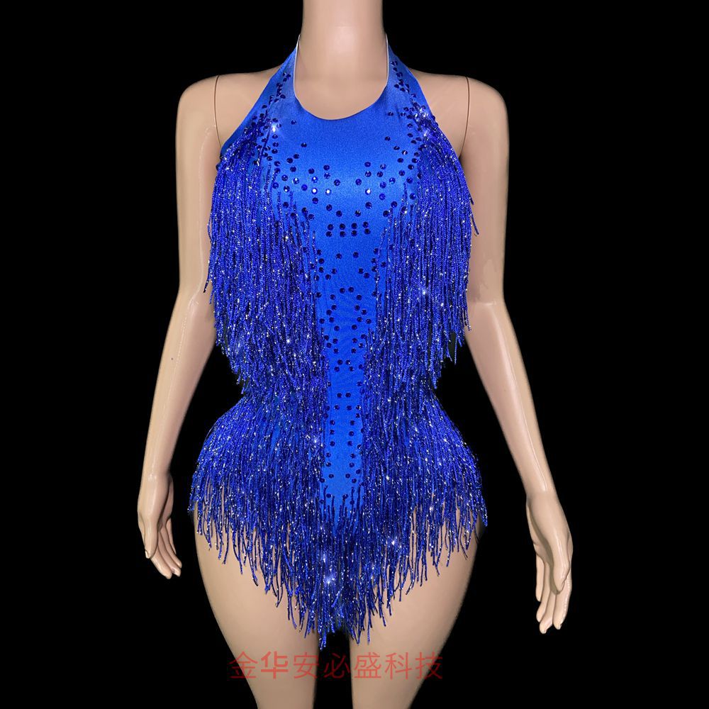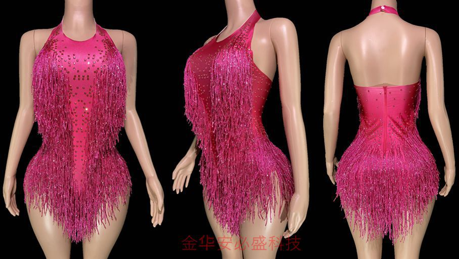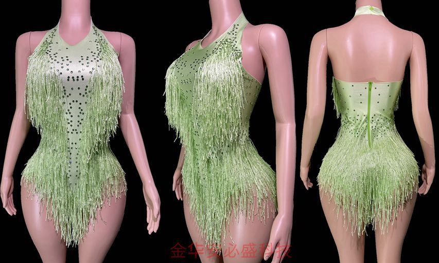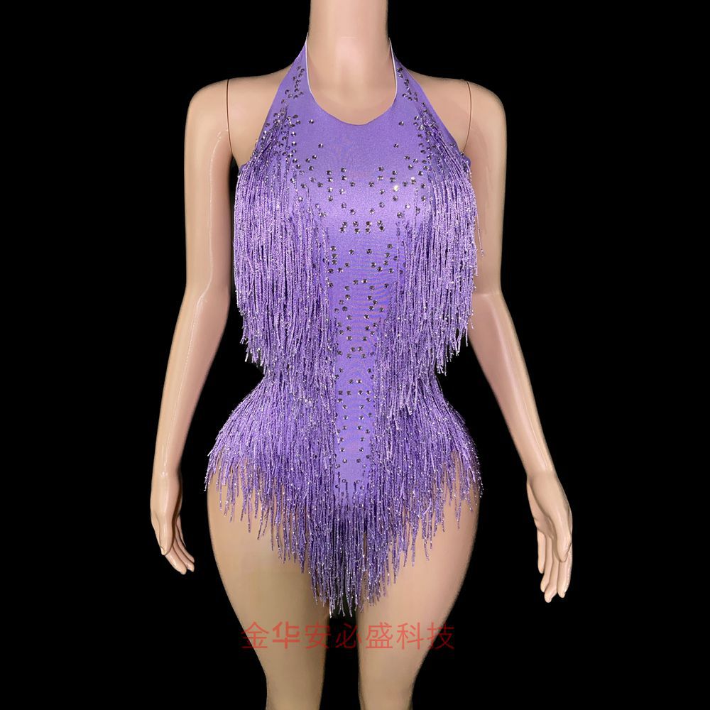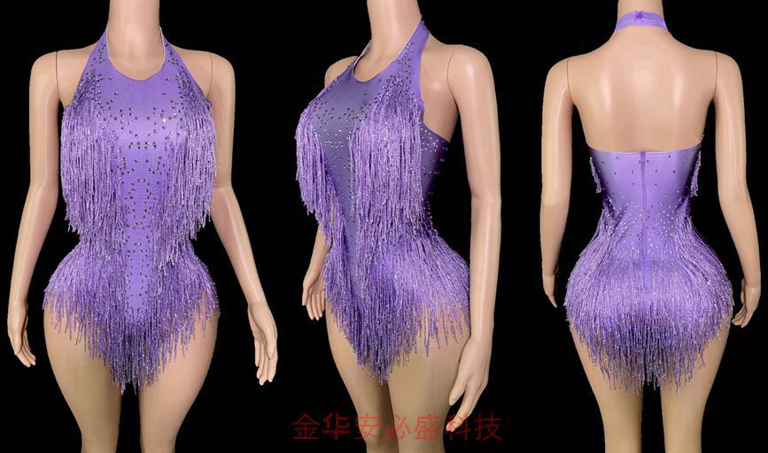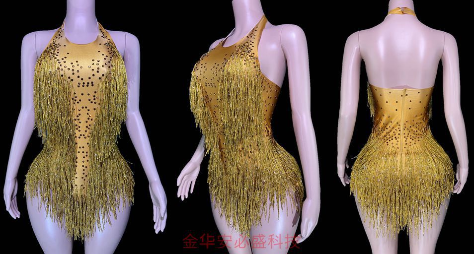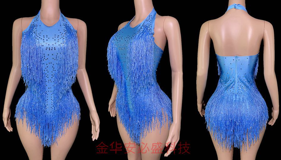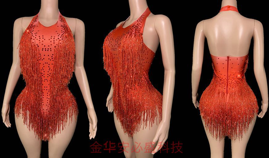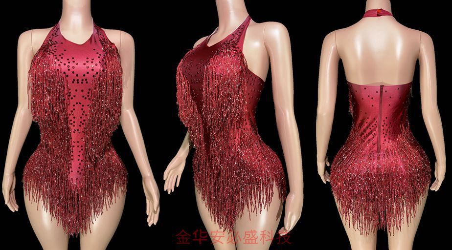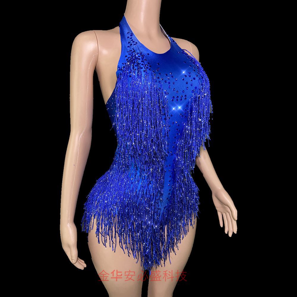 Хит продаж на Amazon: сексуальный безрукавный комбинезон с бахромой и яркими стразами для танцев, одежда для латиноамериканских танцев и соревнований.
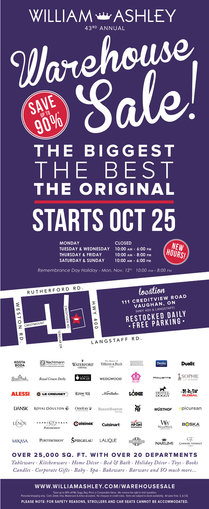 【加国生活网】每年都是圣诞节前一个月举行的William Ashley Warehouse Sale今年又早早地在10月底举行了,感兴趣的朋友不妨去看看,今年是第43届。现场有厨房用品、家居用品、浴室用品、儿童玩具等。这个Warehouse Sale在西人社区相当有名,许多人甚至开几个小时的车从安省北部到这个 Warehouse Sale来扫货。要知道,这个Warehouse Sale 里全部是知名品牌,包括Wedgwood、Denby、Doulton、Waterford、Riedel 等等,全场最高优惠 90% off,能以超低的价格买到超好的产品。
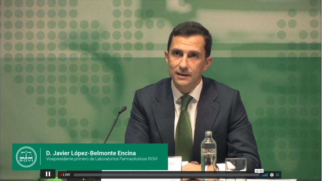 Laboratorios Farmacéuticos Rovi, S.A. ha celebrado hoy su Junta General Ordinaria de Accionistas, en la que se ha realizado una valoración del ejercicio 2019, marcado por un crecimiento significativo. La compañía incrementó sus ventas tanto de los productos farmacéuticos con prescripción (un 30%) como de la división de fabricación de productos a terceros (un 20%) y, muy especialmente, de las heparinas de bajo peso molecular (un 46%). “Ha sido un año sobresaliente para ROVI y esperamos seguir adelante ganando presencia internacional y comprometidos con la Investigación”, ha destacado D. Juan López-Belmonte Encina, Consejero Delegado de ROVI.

——————————

__Work to be completed__. The listing is to be reproduced in full and exactly, except that its pictures are to be dropped.

__Solution to the exercise__.
 Хит продаж на Amazon: сексуальный безрукавный комбинезон с бахромой и яркими стразами для танцев, одежда для латиноамериканских танцев и соревнований.
 【加国生活网】每年都是圣诞节前一个月举行的William Ashley Warehouse Sale今年又早早地在10月底举行了,感兴趣的朋友不妨去看看,今年是第43届。现场有厨房用品、家居用品、浴室用品、儿童玩具等。这个Warehouse Sale在西人社区相当有名,许多人甚至开几个小时的车从安省北部到这个 Warehouse Sale来扫货。要知道,这个Warehouse Sale 里全部是知名品牌,包括Wedgwood、Denby、Doulton、Waterford、Riedel 等等,全场最高优惠 90% off,能以超低的价格买到超好的产品。
 Laboratorios Farmacéuticos Rovi, S.A. ha celebrado hoy su Junta General Ordinaria de Accionistas, en la que se ha realizado una valoración del ejercicio 2019, marcado por un crecimiento significativo. La compañía incrementó sus ventas tanto de los productos farmacéuticos con prescripción (un 30%) como de la división de fabricación de productos a terceros (un 20%) y, muy especialmente, de las heparinas de bajo peso molecular (un 46%). “Ha sido un año sobresaliente para ROVI y esperamos seguir adelante ganando presencia internacional y comprometidos con la Investigación”, ha destacado D. Juan López-Belmonte Encina, Consejero Delegado de ROVI.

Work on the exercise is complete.